Data below:

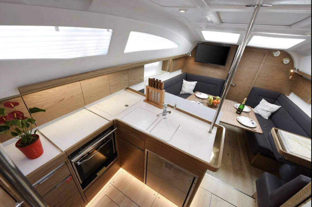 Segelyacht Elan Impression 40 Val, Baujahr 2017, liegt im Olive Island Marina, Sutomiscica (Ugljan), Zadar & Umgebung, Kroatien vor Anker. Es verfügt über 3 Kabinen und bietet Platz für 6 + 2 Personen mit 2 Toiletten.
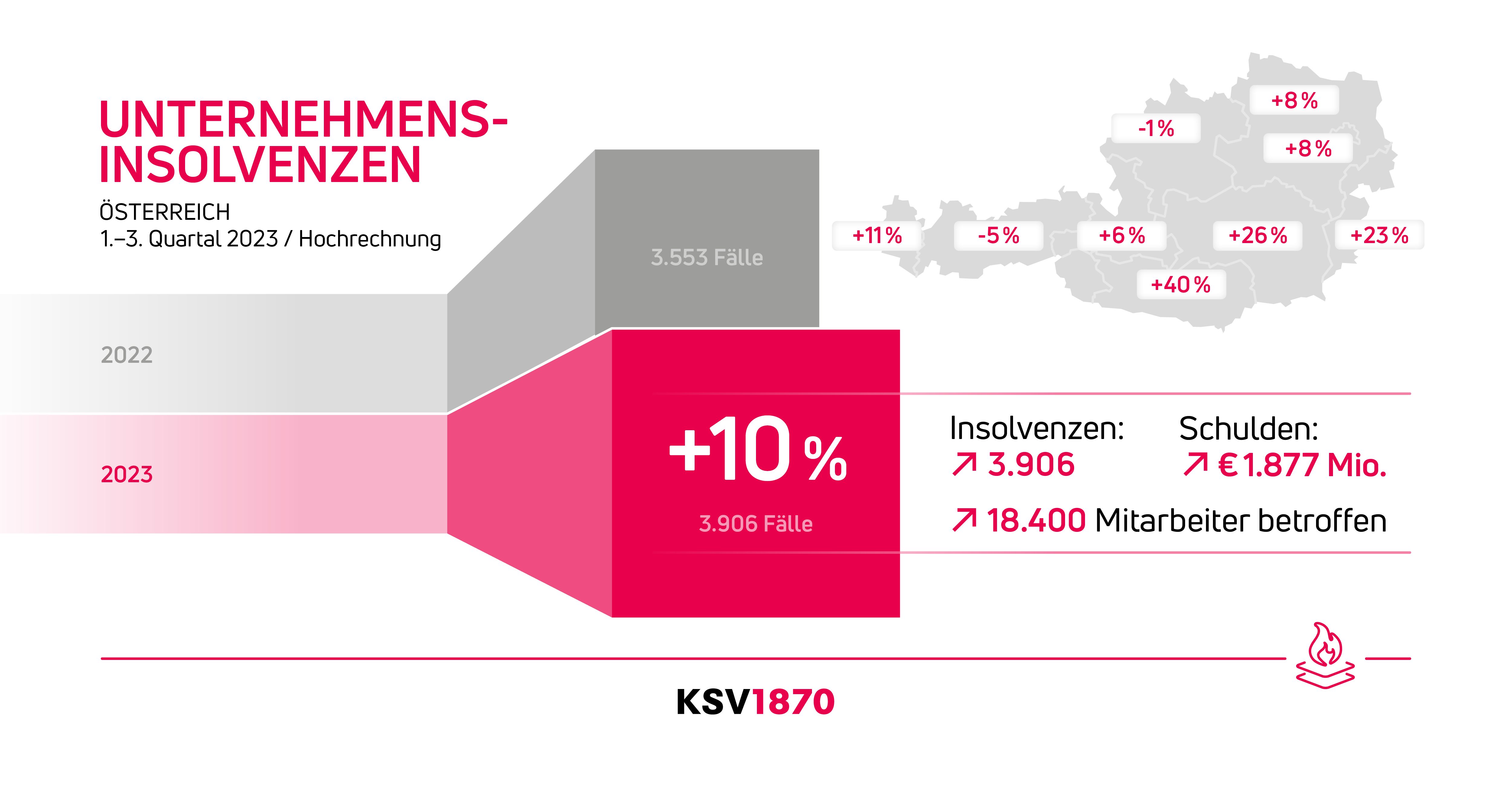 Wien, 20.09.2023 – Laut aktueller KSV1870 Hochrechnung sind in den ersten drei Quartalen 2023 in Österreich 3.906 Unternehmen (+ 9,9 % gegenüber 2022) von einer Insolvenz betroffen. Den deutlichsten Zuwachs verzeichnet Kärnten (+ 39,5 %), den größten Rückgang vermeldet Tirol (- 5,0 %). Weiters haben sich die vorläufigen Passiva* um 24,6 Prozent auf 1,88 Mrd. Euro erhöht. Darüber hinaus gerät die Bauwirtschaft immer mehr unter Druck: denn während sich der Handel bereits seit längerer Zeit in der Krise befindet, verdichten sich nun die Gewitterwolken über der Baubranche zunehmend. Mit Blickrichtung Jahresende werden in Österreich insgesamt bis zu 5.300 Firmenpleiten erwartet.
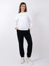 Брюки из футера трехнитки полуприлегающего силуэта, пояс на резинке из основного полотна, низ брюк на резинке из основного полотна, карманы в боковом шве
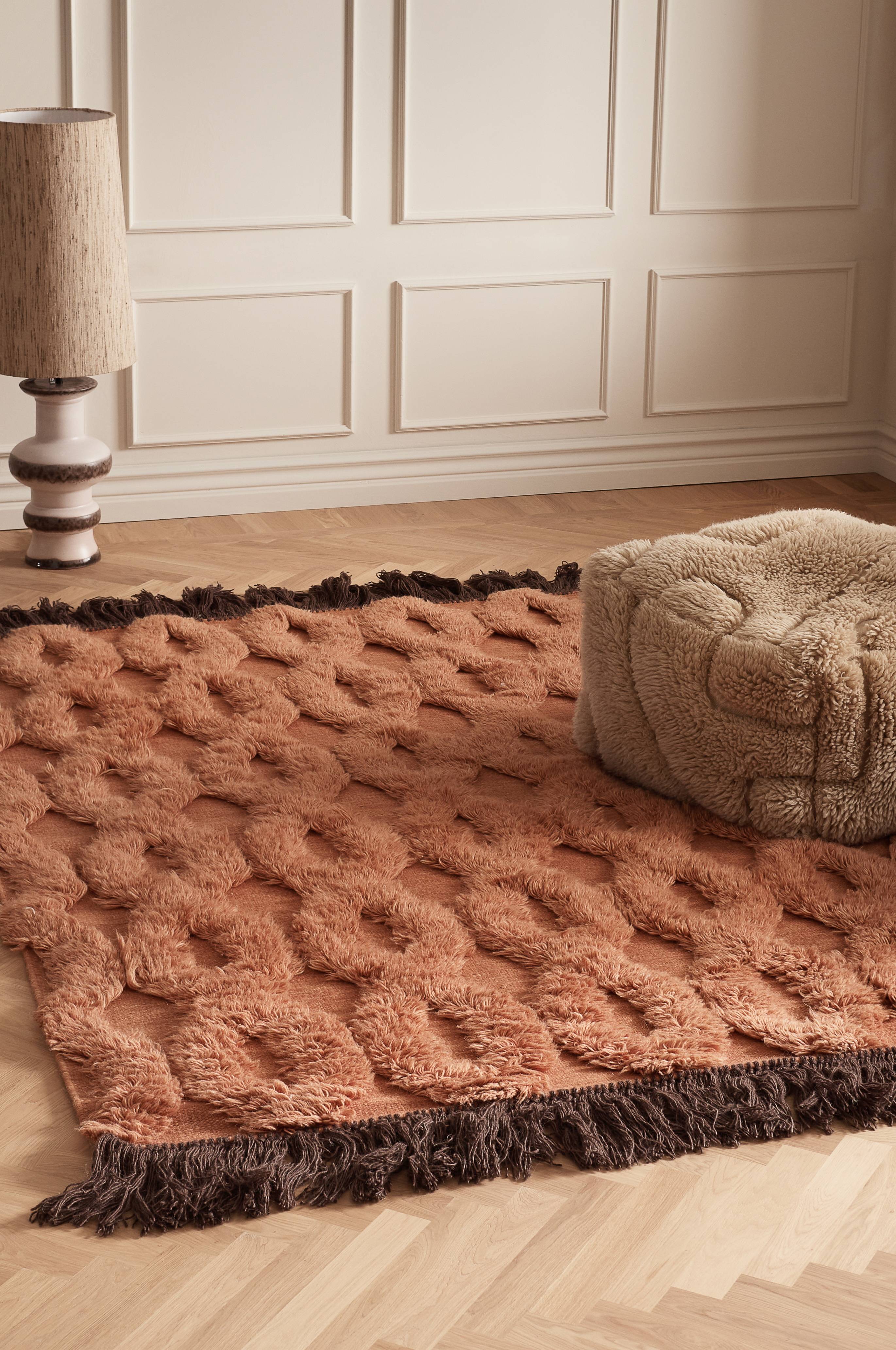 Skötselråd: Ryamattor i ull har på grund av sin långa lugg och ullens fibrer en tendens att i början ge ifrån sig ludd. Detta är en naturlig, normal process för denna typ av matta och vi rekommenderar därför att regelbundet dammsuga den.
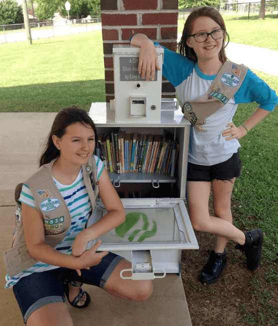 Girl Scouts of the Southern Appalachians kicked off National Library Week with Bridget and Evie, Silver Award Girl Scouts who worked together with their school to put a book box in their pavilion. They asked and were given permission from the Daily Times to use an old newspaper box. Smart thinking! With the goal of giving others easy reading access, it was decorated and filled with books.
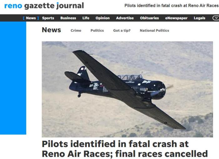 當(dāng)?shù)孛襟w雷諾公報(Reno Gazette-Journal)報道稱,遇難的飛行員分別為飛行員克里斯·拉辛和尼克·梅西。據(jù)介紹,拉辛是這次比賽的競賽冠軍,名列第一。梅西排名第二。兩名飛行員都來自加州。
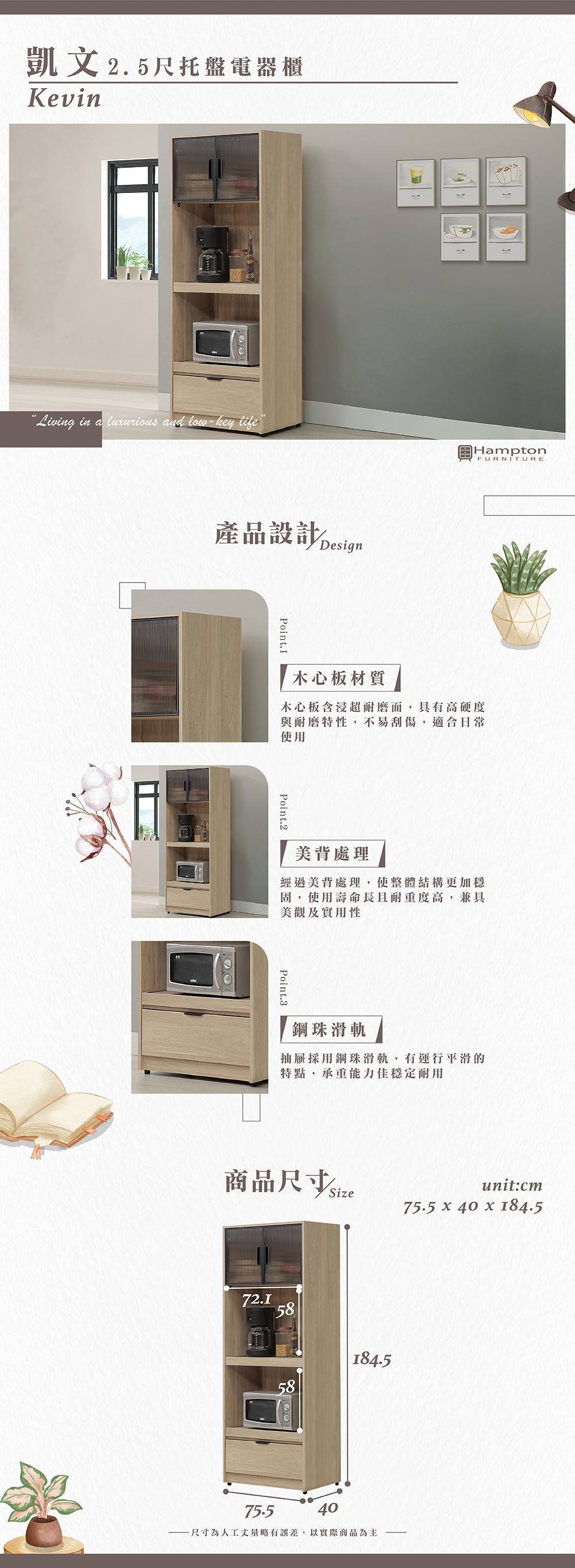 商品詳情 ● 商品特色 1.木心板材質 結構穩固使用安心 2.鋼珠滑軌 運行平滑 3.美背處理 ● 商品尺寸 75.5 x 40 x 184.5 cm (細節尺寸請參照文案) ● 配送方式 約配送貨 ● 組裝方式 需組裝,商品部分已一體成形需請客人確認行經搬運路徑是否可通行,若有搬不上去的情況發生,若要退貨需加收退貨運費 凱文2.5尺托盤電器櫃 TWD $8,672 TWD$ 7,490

End of Data.

## Your objective:
Please output an exact repetition of the lines from the line containing "Girl Scouts of" to the end of the records, both included, with no pictures and no additional text.

## Exercise output:
 Girl Scouts of the Southern Appalachians kicked off National Library Week with Bridget and Evie, Silver Award Girl Scouts who worked together with their school to put a book box in their pavilion. They asked and were given permission from the Daily Times to use an old newspaper box. Smart thinking! With the goal of giving others easy reading access, it was decorated and filled with books.
 當(dāng)?shù)孛襟w雷諾公報(Reno Gazette-Journal)報道稱,遇難的飛行員分別為飛行員克里斯·拉辛和尼克·梅西。據(jù)介紹,拉辛是這次比賽的競賽冠軍,名列第一。梅西排名第二。兩名飛行員都來自加州。
 商品詳情 ● 商品特色 1.木心板材質 結構穩固使用安心 2.鋼珠滑軌 運行平滑 3.美背處理 ● 商品尺寸 75.5 x 40 x 184.5 cm (細節尺寸請參照文案) ● 配送方式 約配送貨 ● 組裝方式 需組裝,商品部分已一體成形需請客人確認行經搬運路徑是否可通行,若有搬不上去的情況發生,若要退貨需加收退貨運費 凱文2.5尺托盤電器櫃 TWD $8,672 TWD$ 7,490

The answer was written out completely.